Segment Start: Material provided
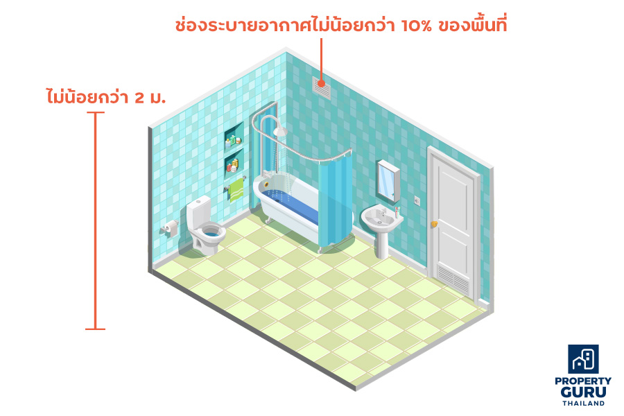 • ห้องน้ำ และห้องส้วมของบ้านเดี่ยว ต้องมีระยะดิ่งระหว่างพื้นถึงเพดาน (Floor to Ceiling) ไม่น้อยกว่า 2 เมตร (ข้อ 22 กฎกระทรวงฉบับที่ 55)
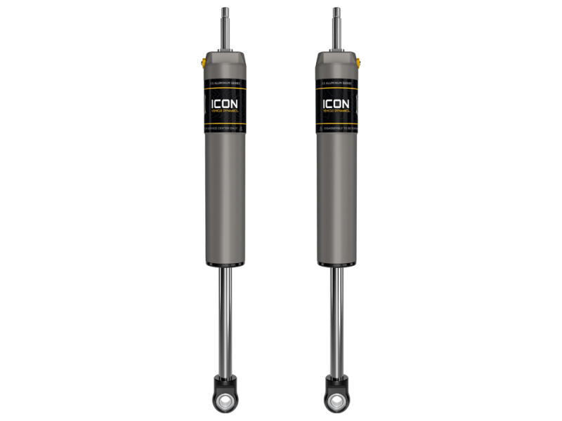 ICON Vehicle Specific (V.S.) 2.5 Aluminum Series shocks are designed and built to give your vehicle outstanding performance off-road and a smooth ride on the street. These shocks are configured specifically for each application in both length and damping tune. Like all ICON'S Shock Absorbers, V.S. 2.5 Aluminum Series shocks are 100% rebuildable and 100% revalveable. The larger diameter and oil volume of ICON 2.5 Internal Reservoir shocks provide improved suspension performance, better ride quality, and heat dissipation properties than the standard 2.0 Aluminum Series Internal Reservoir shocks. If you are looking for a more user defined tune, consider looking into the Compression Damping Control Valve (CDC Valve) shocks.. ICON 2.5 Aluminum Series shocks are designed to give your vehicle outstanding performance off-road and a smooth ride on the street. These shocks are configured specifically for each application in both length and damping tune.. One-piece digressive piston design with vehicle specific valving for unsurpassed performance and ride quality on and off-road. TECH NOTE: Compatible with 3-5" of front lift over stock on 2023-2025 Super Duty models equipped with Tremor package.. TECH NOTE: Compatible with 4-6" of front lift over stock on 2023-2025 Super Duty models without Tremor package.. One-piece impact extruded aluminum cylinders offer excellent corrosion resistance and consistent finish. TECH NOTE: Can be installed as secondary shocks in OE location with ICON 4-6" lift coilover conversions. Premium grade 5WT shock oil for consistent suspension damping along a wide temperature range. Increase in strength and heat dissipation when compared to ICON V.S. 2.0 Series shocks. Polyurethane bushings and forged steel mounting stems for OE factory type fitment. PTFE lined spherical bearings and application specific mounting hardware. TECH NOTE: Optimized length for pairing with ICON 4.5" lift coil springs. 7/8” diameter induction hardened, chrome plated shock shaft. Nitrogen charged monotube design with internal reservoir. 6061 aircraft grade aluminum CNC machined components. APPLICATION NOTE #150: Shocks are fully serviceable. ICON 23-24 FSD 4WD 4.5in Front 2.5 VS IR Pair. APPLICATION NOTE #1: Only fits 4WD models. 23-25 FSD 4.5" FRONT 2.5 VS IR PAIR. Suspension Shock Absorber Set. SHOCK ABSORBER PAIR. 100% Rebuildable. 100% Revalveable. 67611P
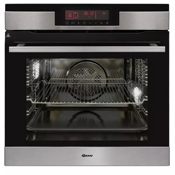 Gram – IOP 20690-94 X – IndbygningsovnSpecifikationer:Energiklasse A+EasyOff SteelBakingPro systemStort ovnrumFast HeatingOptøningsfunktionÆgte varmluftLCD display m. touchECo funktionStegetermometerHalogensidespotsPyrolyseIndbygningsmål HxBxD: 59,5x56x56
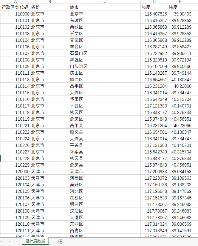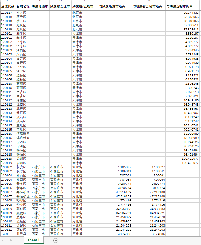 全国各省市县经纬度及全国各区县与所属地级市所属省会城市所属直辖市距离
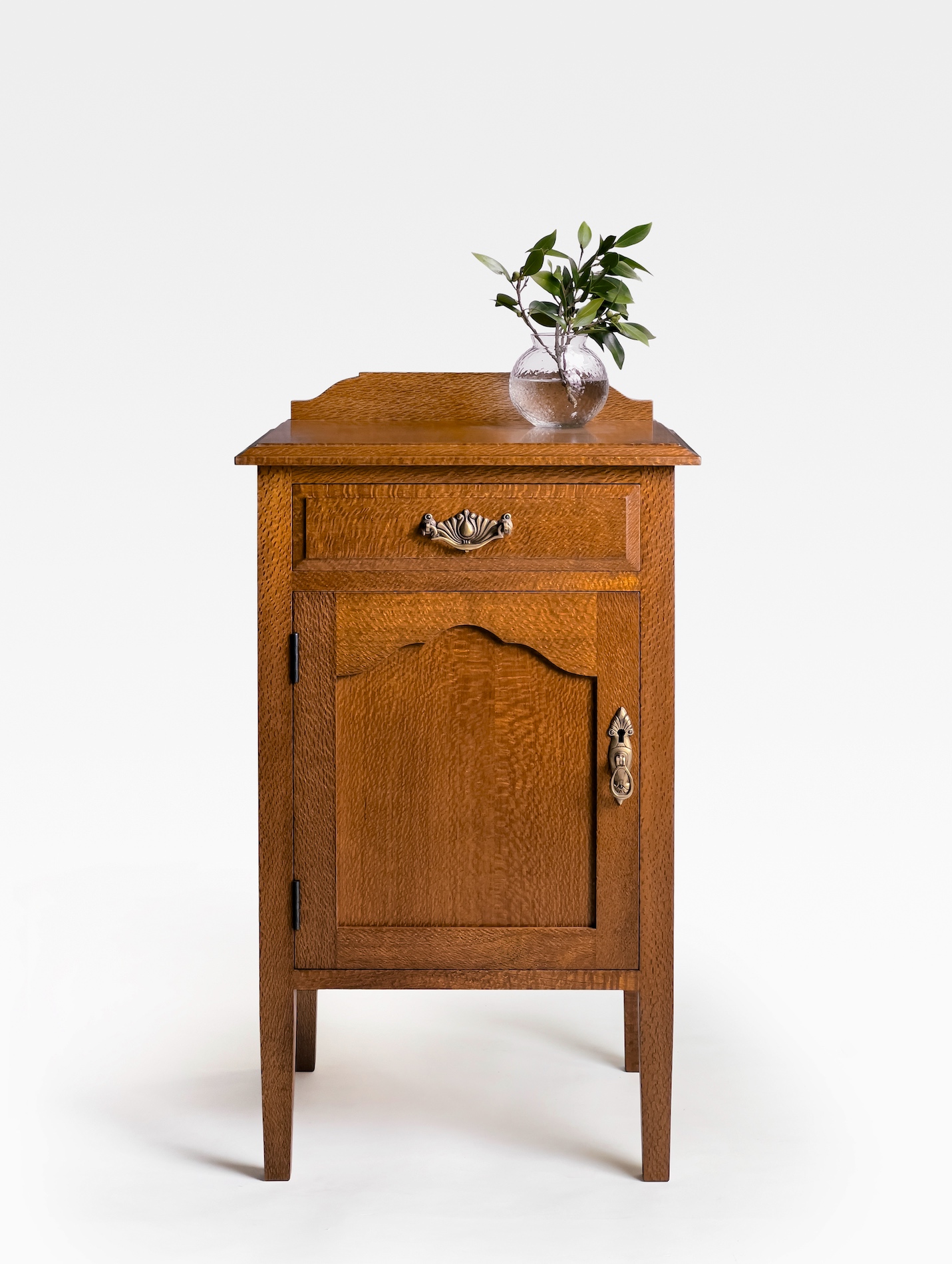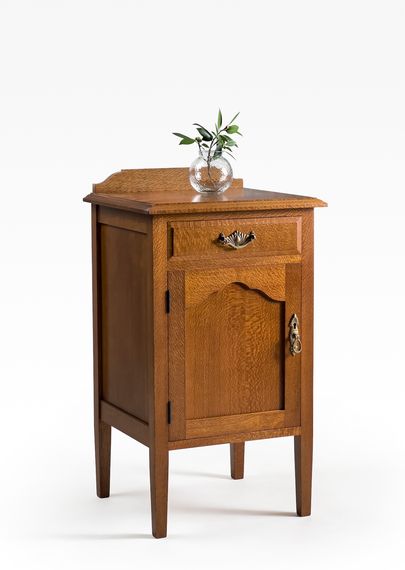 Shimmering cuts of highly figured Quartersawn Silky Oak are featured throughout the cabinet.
Segment End: Material provided
Segment Start: Material provided
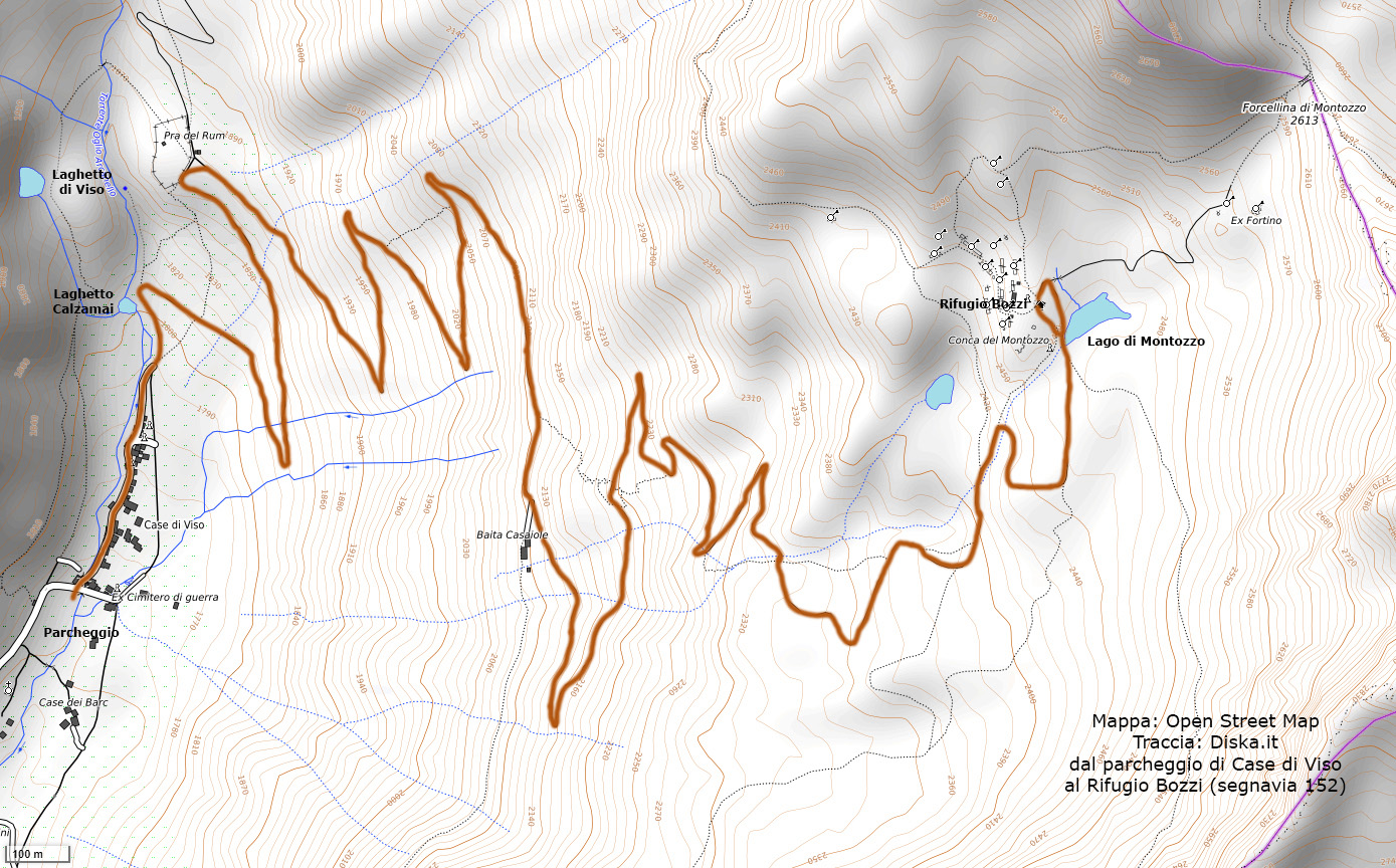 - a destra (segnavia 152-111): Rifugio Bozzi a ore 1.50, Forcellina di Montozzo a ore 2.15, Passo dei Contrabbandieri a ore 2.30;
Segment End: Material provided
== Assignment ==
From the line containing "Gram – IOP 20690-94" through the line containing "Shimmering cuts of", copy every line above exactly, without pictures.

== Reply to the exercise ==
 Gram – IOP 20690-94 X – IndbygningsovnSpecifikationer:Energiklasse A+EasyOff SteelBakingPro systemStort ovnrumFast HeatingOptøningsfunktionÆgte varmluftLCD display m. touchECo funktionStegetermometerHalogensidespotsPyrolyseIndbygningsmål HxBxD: 59,5x56x56
 全国各省市县经纬度及全国各区县与所属地级市所属省会城市所属直辖市距离
 Shimmering cuts of highly figured Quartersawn Silky Oak are featured throughout the cabinet.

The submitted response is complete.